Phase 4: Write and Submit the Grant Proposal. Preparing a grant proposal requires time for writing, obtaining institutional review board approval, realistic budgeting, consultation, and revision. These efforts may not achieve the desired goal of funding, however; only 20% of NIH submissions receive funding on the first submission.
The Research Process After the Receipt of Grant Funding
Phase 5: Recruit the Practice Sites, Clinicians, and Patients. The larger, more complex, and more intrusive the research project, the more difficult this stage of operation is. The expenses of this phase have recently been described25-27 and quantified.28
Phase 6: Train the Researchers, Clinicians, and Staff. It may prove necessary to provide training for the personnel involved in the project. They may include research project staff, clinicians, and clinical staff at multiple or remote sites.
Phase 7: Collect the Data. Data need to be collected at several steps along the way. If the trial is an interventional trial, pre- and postintervention data will be needed. Other types of research will require the tracking of patients over time. Data about physician-patient interactions may be difficult to collect, often requiring intensive qualitative methods.
Phase 8: Intervention. Conducting the intervention will require clinician and patient time, staff time, materials, travel, and communication costs.
Phase 9: Data Entry and Analysis. Database design and management and data entry are required. Data analysis is needed.

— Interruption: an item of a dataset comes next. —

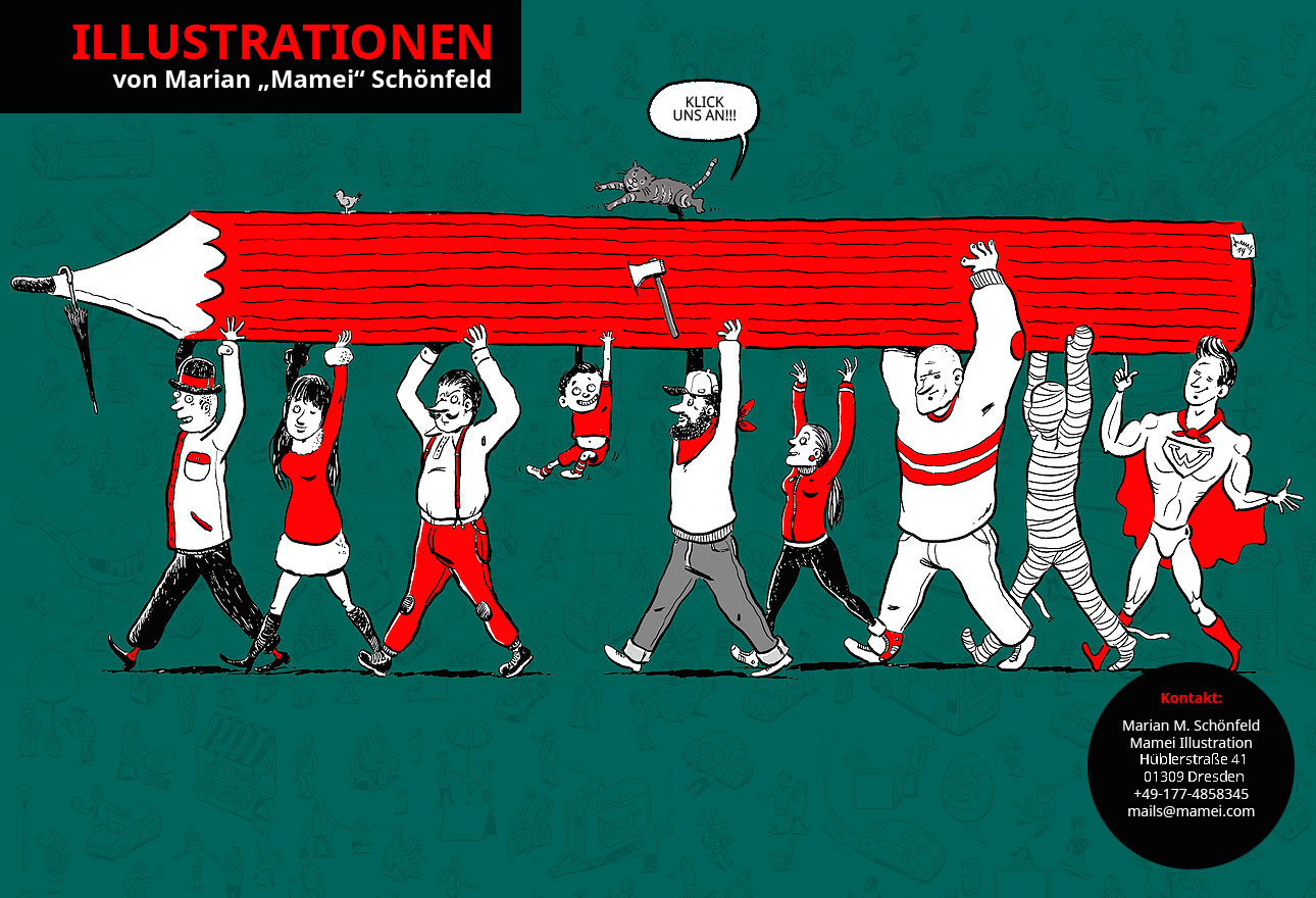 Impressum | Booking | Wimmelbilder | Dave Grigger | Mitglied der Illustratoren Organisation | VG-Bildkunst-Urheber-Nr: 1725869 | © 2007-2016 Marian Meinhardt-Schönfeld, alias Mamei

Phase 10: Disseminate Results. The dissemination of study results must include feedback to practices, the preparation of grant reports, publication, and presentations. In addition, primary care research projects should include arrangements for the translation of the research results into practice.
The costs related to each phase of operation must be funded (directly or indirectly) by one or more of 3 sources: (1) the academic or network infrastructure; (2) the practice site infrastructure, including the physician and patient; and (3) an extramural funding source.
The proportion of costs incurred by the various organizations or the extramural funding source will vary over time for any project. There is considerable overlap in how the costs of the various phases of research are distributed among the 3 types of sources. However, any extramural funding source will help support the research costs only in phase 5 and beyond.
We have outlined the phases of research in a way that allows for some itemization of project expenses. The importance of the development and maintenance of a robust and well-funded support infrastructure is demonstrated by the fact that all activities up to and including those in phase 4 are performed before receiving grant funding.
The limitations of this work include the lack of external validation of our model. Nonetheless, the basic outline provides one way to look at the costs of initiating and conducting research projects. We encourage other researchers to build on these ideas. In future work we intend to attach costs to the phases and activities outlined in this paper.
We hope that we have articulated the need for capital investment in the primary care research process, with special attention to practice-based research. This investment, which has paid great dividends in other areas of medicine, will help primary care investigators meet the challenge of developing a robust research enterprise. Such an investment will help us to ensure that the questions asked are important ones for primary care clinicians and that the answers will ultimately pay dividends in the health of our population in the same way research in other areas of medicine has.